My questions is: Does McAffee have the right to download content from / crawl my website? Can I forbid them to do so? I have a feeling there should be some kind of "My castle, my rules" principle, however I basically know nothing about all the legal stuff.

Update: I probably should have mentioned my server provider sends me emails about SiteAdvisor's findings on a regular basis - that's how I found out about their 'rating' and that's why I'm annoyed.

Kritzefitz
  • 113
  • 5
kralyk
  • 487
  • 5
  • 11
  • 78
    Would you say that humans have the right to view your website? If yes, why discriminate against humans' robot servants? If not, why is it a website in the first place? – jwodder Aug 14 '14 at 20:05
  • 47
    How did you find out that SiteAdvisor flagged your site? You didn't view *their* site did you? If so, what gave you the right? – Joe Sniderman Aug 14 '14 at 20:09
  • 17
    Incidentally, I wouldn't dismiss the SiteAdvisor report so lightly, in general when I saw similar reports they were legitimate. The most common case is having an older/unpatched version of popular CMS (WordPress, Joomla, Drupal, ...) exploited by some automatic script to place malicious content ("trampoline" pages used for spam/phishing, hosting of viruses linked in scam emails, browser exploits, you name it); you may be hosting bad stuff without even knowing. Also, since many users rely on such tools, you typically want to have a clean record, since such warnings can scare away users. – Matteo Italia Aug 14 '14 at 20:36
  • 35
    If you want something locked down, lock it down. You put the website up and configured the server to respond to GET requests. You've invited everyone in - literally, everyone. This isn't an "implied" right, it's how webservers work. Barring, as noted, robots.txt, or IP restrictions, or content restricted to logged-in users. – mfinni Aug 14 '14 at 21:04
  • 1
    @mfinni A robots.txt file hardly represents "locking down" since it can ignored easily. – Casey Aug 14 '14 at 21:15
  • 3
    @emodendroket - you're correct, but it keeps well-behaving bots out. Without one (which is kralyk's case), it's open season. – mfinni Aug 14 '14 at 21:16
  • 1
    This looks like a legal question. I'm not sure whether legal questions are on-topic for this site. (Also, they tend to vary based upon the specific jurisdiction, which you don't specify, though that is probably secondary in this case.) – D.W. Aug 14 '14 at 21:43
  • How did they find the website? If they found it through a link, I'd say a link does imply you are allowed to get what that link is pointing to. If they found it because a user of their service specifically asked them, what they think about the security of your site, then I'd say that it is really what that user is permitted to do, which counts. Which tool the user uses to view the site would be their choice. – kasperd Aug 14 '14 at 22:16
  • 2
    I do not have an y definite answer, but I am amazed at the replies here. So if I have a website, I expect people to get to it and use it. Undoubtedly correct. But how come that implies that any and all automated access processes are ok too? Does it follow that as it is ok yo have 1 million humans trying to get to my site all at once, it is also ok to have someone's robots doing the same?
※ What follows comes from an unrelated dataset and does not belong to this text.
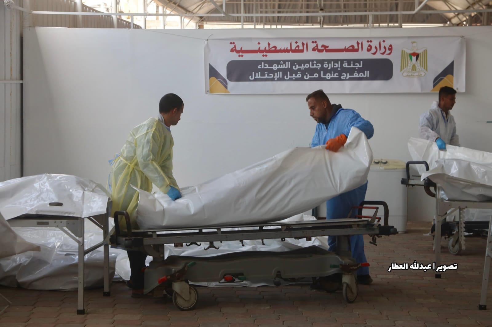 Staff at the Nasser Medical Complex in Gaza receive bodies of Palestinian prisoners released by the Zionist entity as part of the prisoner exchange deal with Hamas, November 3, 2025. Photo: Facebook/Jerusalem-alquds.

So, e.g., denial-of-service attacks are perfectly ok? –  Aug 15 '14 at 08:46
  • 20
    @RolazaroAzeveires: Automated processes are okay not because allowing human visitors implies it, but because, barring attacks, they ask nicely: _"can I have these files?"_ and you've configured your webserver to respond: _"Of course! Here you go. Need anything else?"_ That's not crawling without your permission, that's crawling with your permission. – Marcks Thomas Aug 15 '14 at 10:05
  • “Does McAffee have the right to download content from / crawl my website?” — That depends what you mean by “the right”. – Paul D. Waite Aug 15 '14 at 10:49
  • 6
    @RolazaroAzeveires: a denial of service attack is different from crawling. I don’t think anyone’s said that *all* automated processes are okay, they’re just pointing out the illogicality of being okay with all requests caused by an individual human click of a mouse, but not being okay with any requests caused a program written by a human. – Paul D. Waite Aug 15 '14 at 10:51
  • @JoeSniderman I didn't go to their website, they send reports to my provider who then in turn sends me mails about my website maybe having issues... – kralyk Aug 15 '14 at 11:30
  • 9
    @RolazaroAzeveires A browser is also a program which performs an automated sequence of requests to the server based on an initial action by a user. The sequence of requests performed can depend on the user's choice of browser and plugins. The sequence of requests performed by a crawler is usually distinguishable from the one triggered by a browser, but in principle there isn't as much difference, as you seem to suggest. – kasperd Aug 15 '14 at 12:18
  • 2
    @RolazaroAzeveires legal systems take "intent" heavily into account. i'm not a lawyer, but key questions in a legal case are: (1) what harm was done? (2) was the harm intended? (3) what are the generally prevailing expectations? It isn't hard to legally distinguish a denial-of-service attack from other web crawling. If the internet didn't have the open approach that it has, including web crawling, there never would have been a Google. Imagine a web where you couldn't find out what was there, except via proprietary directories, like the old days of telephones and phonebooks. – ToolmakerSteve Aug 15 '14 at 21:57
  • 1
    @jwodder There is a case back in 2000 which was very public about ebay being awarded an injunction against a company crawling their site. Clearly, the public can access but that does not mean everything is fair game. You can read about the injunction here: [ebay v bidder's edge](http://en.wikipedia.org/wiki/EBay_v._Bidder%27s_Edge#Order). – John Aug 18 '14 at 12:19

4 Answers4

90

Yes, they have the right to do so - you've created a public website, what makes you think they don't?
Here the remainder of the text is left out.